"""

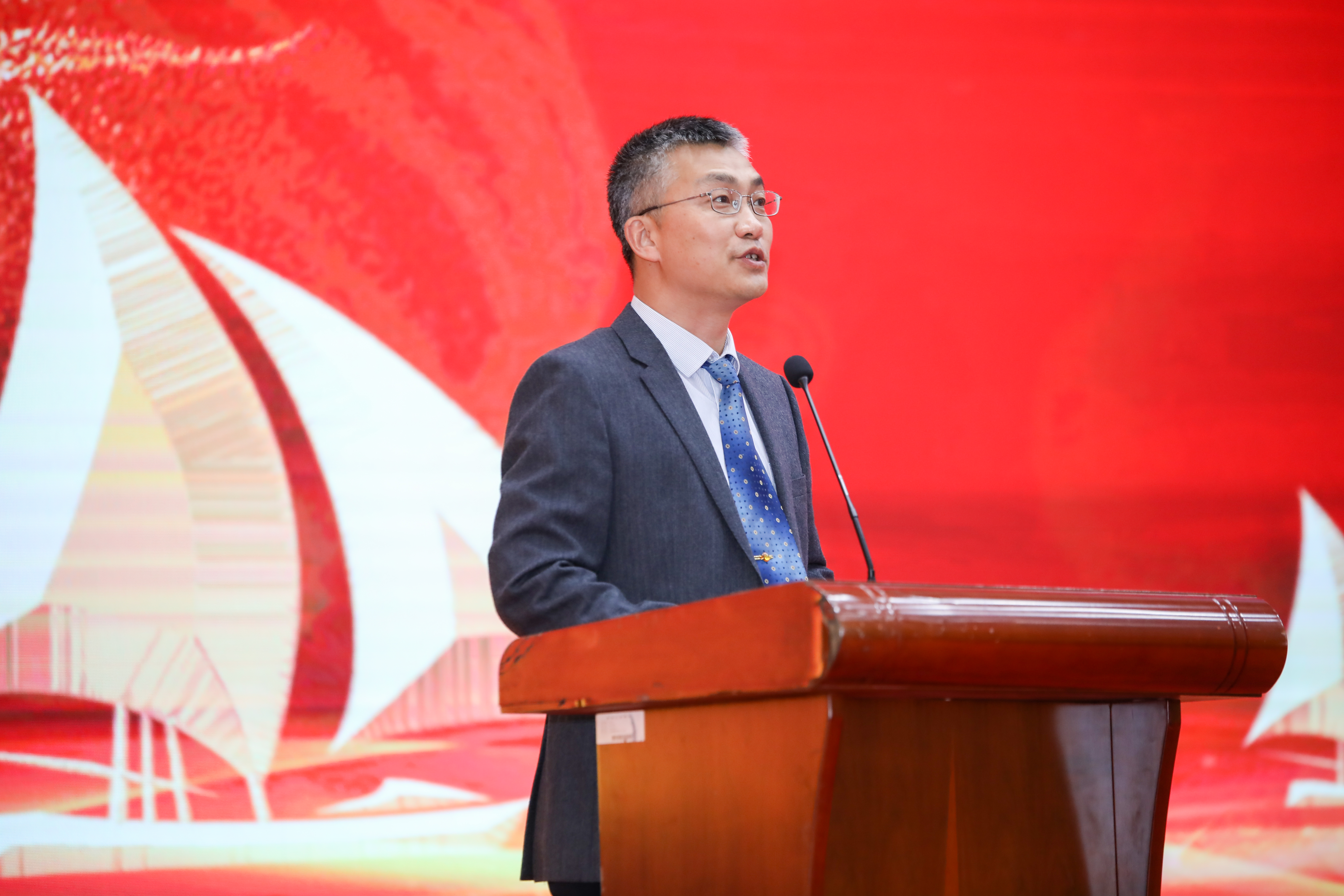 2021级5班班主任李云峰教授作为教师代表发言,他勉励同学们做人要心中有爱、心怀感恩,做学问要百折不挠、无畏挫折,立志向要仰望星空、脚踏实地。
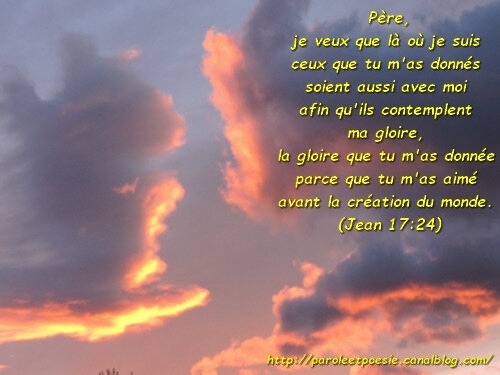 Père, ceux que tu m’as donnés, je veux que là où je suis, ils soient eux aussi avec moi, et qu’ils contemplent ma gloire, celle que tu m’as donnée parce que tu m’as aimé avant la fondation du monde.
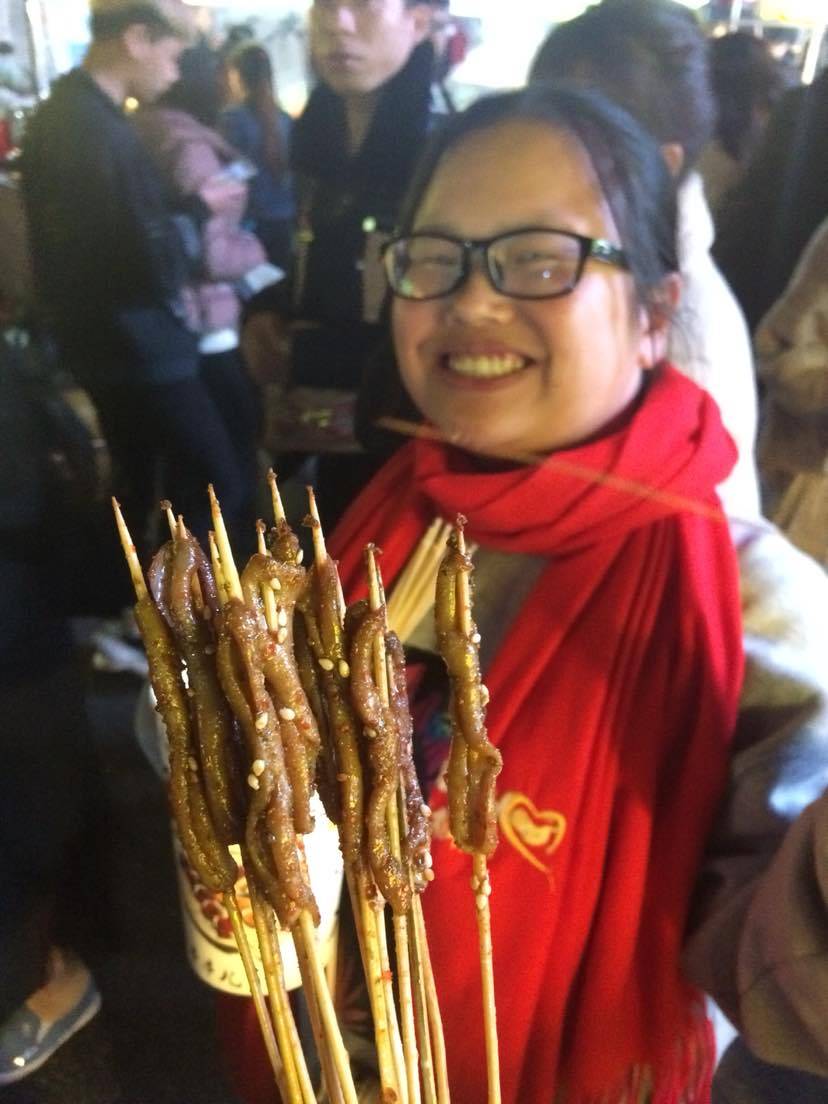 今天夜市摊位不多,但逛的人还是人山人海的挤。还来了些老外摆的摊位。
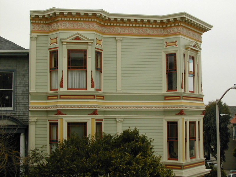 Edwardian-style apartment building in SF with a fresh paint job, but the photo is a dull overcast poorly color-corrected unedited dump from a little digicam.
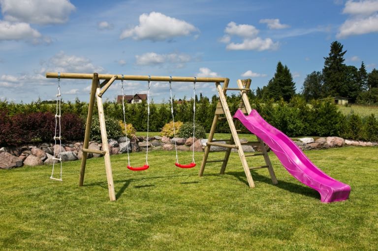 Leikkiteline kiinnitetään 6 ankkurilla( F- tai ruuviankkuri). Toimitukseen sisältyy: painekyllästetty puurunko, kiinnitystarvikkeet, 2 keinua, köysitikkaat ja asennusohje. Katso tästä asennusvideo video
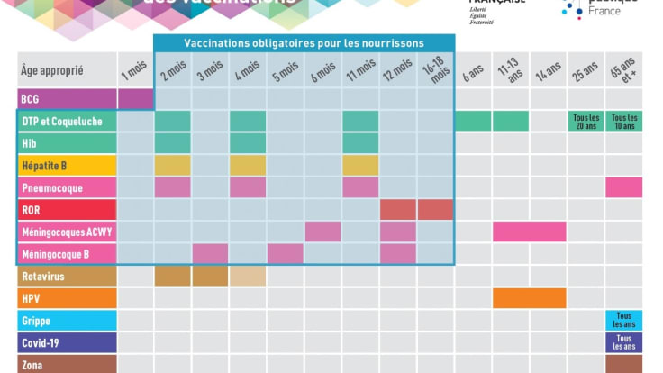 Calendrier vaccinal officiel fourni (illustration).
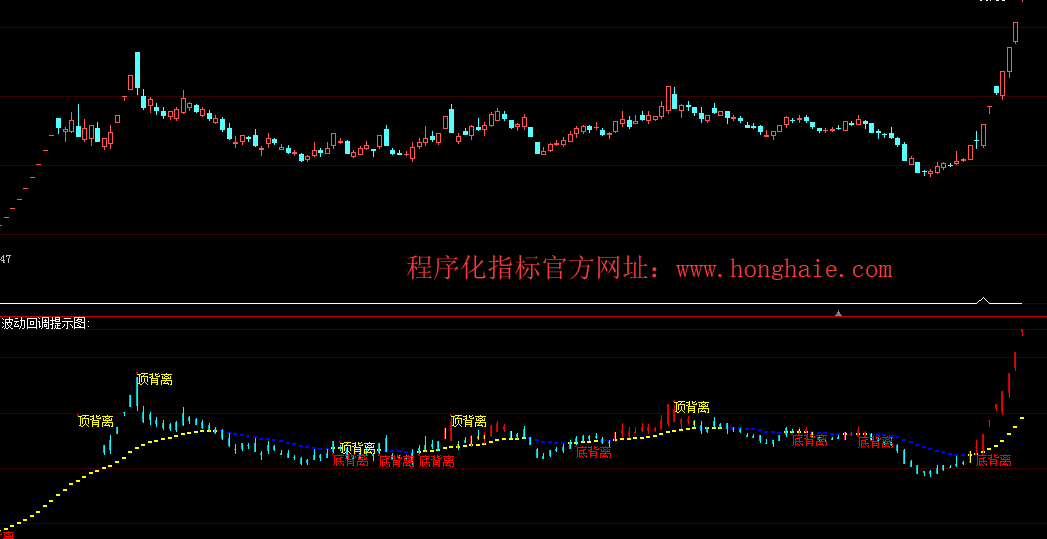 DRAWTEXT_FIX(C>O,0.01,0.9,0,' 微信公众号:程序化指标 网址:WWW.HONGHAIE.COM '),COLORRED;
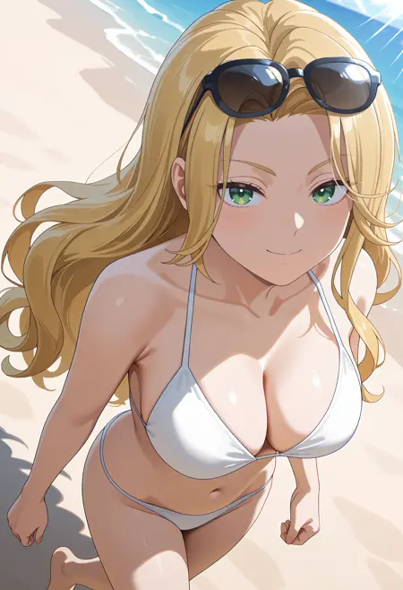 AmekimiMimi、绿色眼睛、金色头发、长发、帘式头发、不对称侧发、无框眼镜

"""

WHAT IS EXPECTED → Both ends included, copy word for word the lines from the top of the entries above through the line with "Père, ceux que". No pictures.

PROBLEM SOLUTION →
 2021级5班班主任李云峰教授作为教师代表发言,他勉励同学们做人要心中有爱、心怀感恩,做学问要百折不挠、无畏挫折,立志向要仰望星空、脚踏实地。
 Père, ceux que tu m’as donnés, je veux que là où je suis, ils soient eux aussi avec moi, et qu’ils contemplent ma gloire, celle que tu m’as donnée parce que tu m’as aimé avant la fondation du monde.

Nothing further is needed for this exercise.